WORK TO BE COMPLETED:
Would you print the lines below exactly, beginning at the line that has "When you need" and stopping after the line that has "文字盤にはシェルを使用し、女性らしい優美な印象です。"? Only those lines, and no pictures.

---------- RECORDED DATA ----------

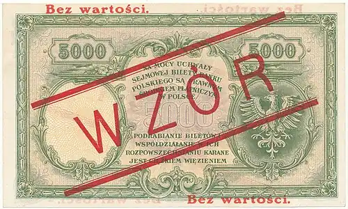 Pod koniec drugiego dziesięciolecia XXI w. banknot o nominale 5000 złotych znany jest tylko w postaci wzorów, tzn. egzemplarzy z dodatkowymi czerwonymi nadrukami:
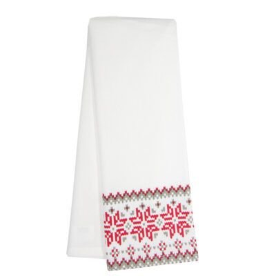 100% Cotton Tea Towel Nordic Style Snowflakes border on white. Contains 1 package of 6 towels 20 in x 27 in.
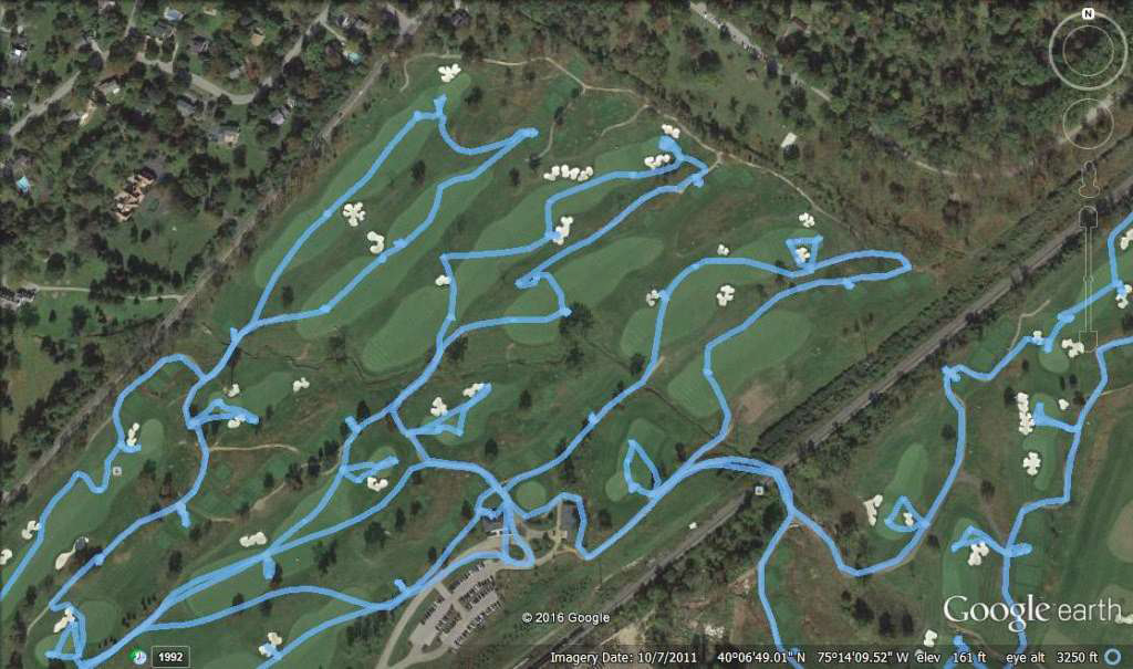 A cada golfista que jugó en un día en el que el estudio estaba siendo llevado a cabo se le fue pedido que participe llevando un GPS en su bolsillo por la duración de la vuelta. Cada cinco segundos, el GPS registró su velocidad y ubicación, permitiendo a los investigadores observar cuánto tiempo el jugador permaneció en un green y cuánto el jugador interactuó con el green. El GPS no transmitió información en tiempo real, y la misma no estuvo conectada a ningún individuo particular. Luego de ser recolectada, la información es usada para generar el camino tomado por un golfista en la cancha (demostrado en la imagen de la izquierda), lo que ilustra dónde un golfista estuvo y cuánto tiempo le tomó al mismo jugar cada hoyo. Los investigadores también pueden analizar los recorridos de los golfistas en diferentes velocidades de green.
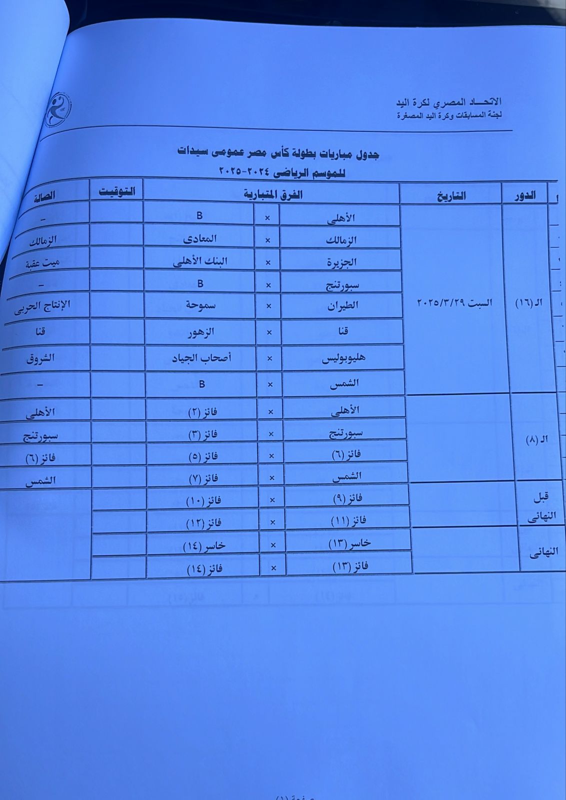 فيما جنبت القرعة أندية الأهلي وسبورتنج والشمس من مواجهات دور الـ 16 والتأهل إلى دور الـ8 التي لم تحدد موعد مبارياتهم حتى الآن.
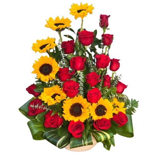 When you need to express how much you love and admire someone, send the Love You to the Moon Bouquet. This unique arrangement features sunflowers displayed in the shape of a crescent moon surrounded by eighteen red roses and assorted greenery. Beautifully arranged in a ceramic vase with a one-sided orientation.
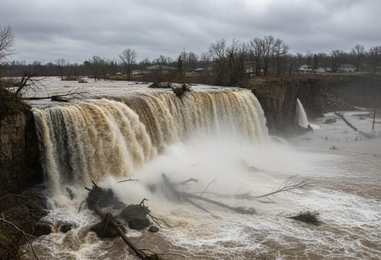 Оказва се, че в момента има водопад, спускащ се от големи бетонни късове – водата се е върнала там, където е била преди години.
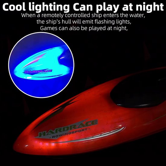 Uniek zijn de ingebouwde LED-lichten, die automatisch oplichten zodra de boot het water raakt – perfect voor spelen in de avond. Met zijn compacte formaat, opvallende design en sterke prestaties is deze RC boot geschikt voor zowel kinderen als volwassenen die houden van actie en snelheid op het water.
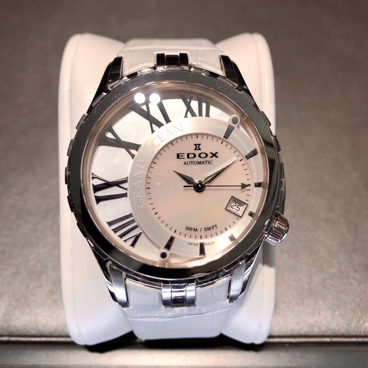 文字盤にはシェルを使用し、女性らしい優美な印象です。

----------
---------- RECORDED DATA ----------

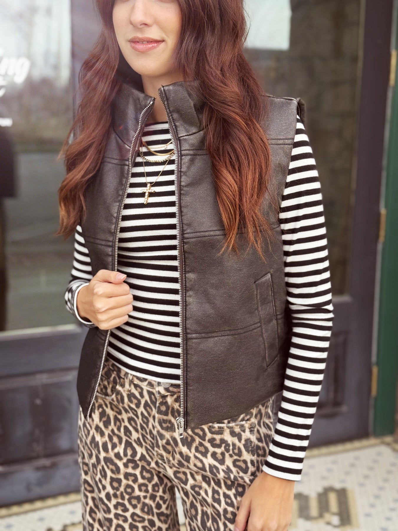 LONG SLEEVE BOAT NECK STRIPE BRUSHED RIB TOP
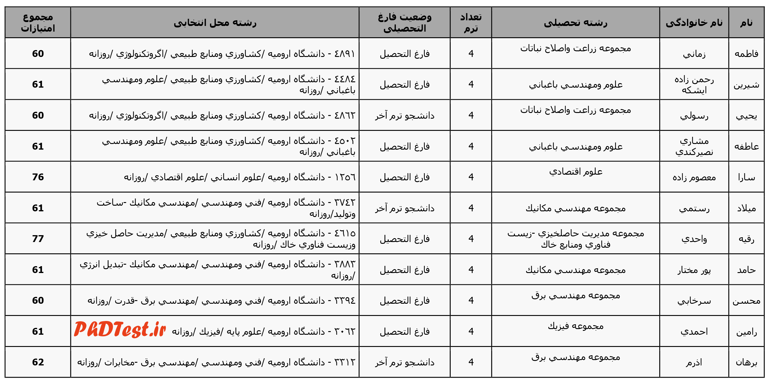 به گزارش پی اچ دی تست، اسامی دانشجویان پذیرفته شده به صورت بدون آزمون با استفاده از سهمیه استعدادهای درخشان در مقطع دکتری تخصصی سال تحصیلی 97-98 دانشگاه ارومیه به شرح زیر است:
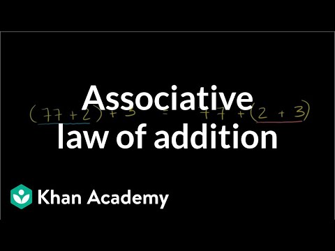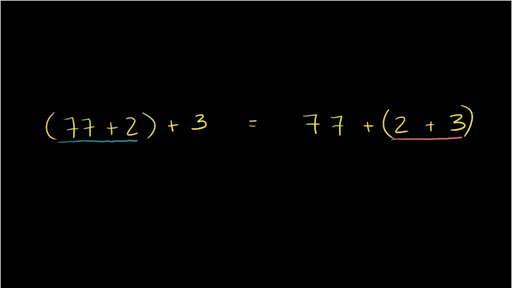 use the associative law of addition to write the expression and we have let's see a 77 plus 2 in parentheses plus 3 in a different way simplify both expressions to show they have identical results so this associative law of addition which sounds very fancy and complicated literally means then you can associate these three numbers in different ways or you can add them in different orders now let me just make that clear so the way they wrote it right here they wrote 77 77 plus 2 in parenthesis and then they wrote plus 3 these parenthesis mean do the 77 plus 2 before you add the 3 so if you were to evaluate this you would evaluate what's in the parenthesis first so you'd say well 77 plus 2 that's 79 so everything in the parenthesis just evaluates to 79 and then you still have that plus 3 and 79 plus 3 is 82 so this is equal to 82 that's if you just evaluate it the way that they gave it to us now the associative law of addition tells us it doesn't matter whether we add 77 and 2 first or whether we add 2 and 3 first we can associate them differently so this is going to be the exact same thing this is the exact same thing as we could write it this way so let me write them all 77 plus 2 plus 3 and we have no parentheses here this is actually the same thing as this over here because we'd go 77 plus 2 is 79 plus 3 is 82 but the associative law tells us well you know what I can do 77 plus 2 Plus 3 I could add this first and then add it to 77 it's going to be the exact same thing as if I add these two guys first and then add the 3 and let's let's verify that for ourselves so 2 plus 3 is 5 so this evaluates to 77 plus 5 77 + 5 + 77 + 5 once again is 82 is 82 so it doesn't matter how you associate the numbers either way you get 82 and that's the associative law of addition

----------
---------- RECORDED DATA ----------

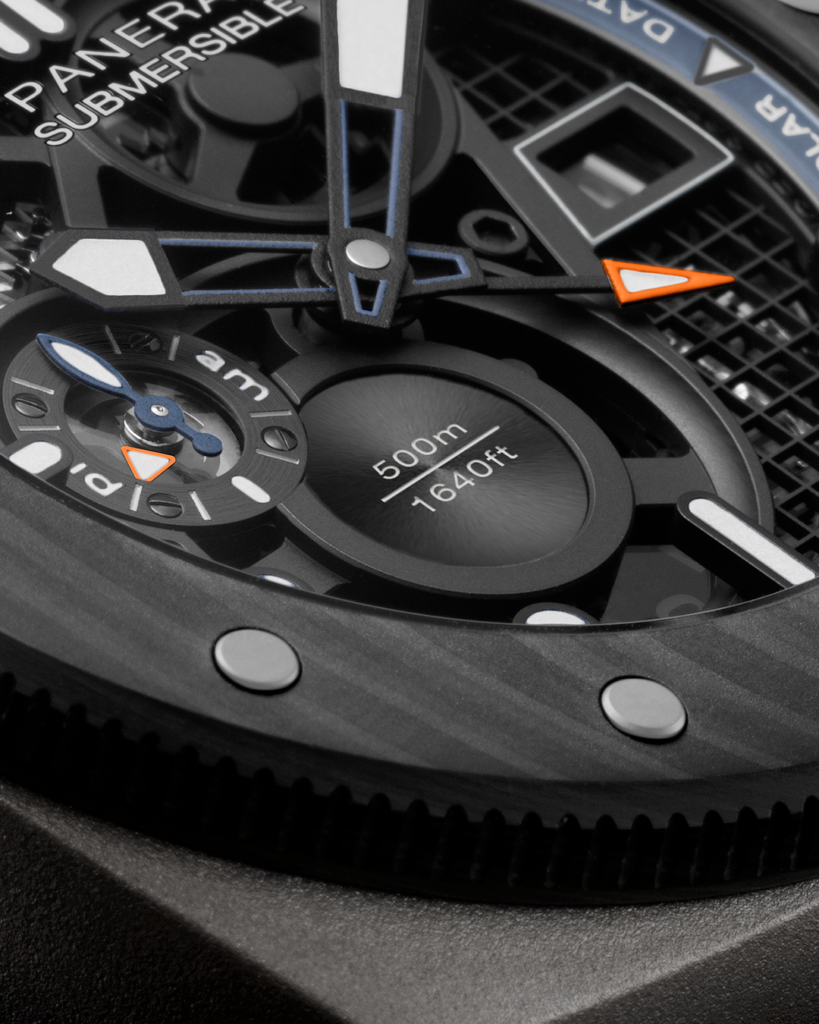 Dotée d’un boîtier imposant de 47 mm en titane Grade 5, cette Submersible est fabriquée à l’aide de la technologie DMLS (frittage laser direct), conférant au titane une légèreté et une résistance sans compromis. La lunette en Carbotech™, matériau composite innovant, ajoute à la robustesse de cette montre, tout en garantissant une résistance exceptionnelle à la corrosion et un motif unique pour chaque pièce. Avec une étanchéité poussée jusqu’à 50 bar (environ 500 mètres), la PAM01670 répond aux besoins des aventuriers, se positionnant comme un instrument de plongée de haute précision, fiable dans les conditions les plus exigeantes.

----------

THE COMPLETED TASK:
 When you need to express how much you love and admire someone, send the Love You to the Moon Bouquet. This unique arrangement features sunflowers displayed in the shape of a crescent moon surrounded by eighteen red roses and assorted greenery. Beautifully arranged in a ceramic vase with a one-sided orientation.
 Оказва се, че в момента има водопад, спускащ се от големи бетонни късове – водата се е върнала там, където е била преди години.
 Uniek zijn de ingebouwde LED-lichten, die automatisch oplichten zodra de boot het water raakt – perfect voor spelen in de avond. Met zijn compacte formaat, opvallende design en sterke prestaties is deze RC boot geschikt voor zowel kinderen als volwassenen die houden van actie en snelheid op het water.
 文字盤にはシェルを使用し、女性らしい優美な印象です。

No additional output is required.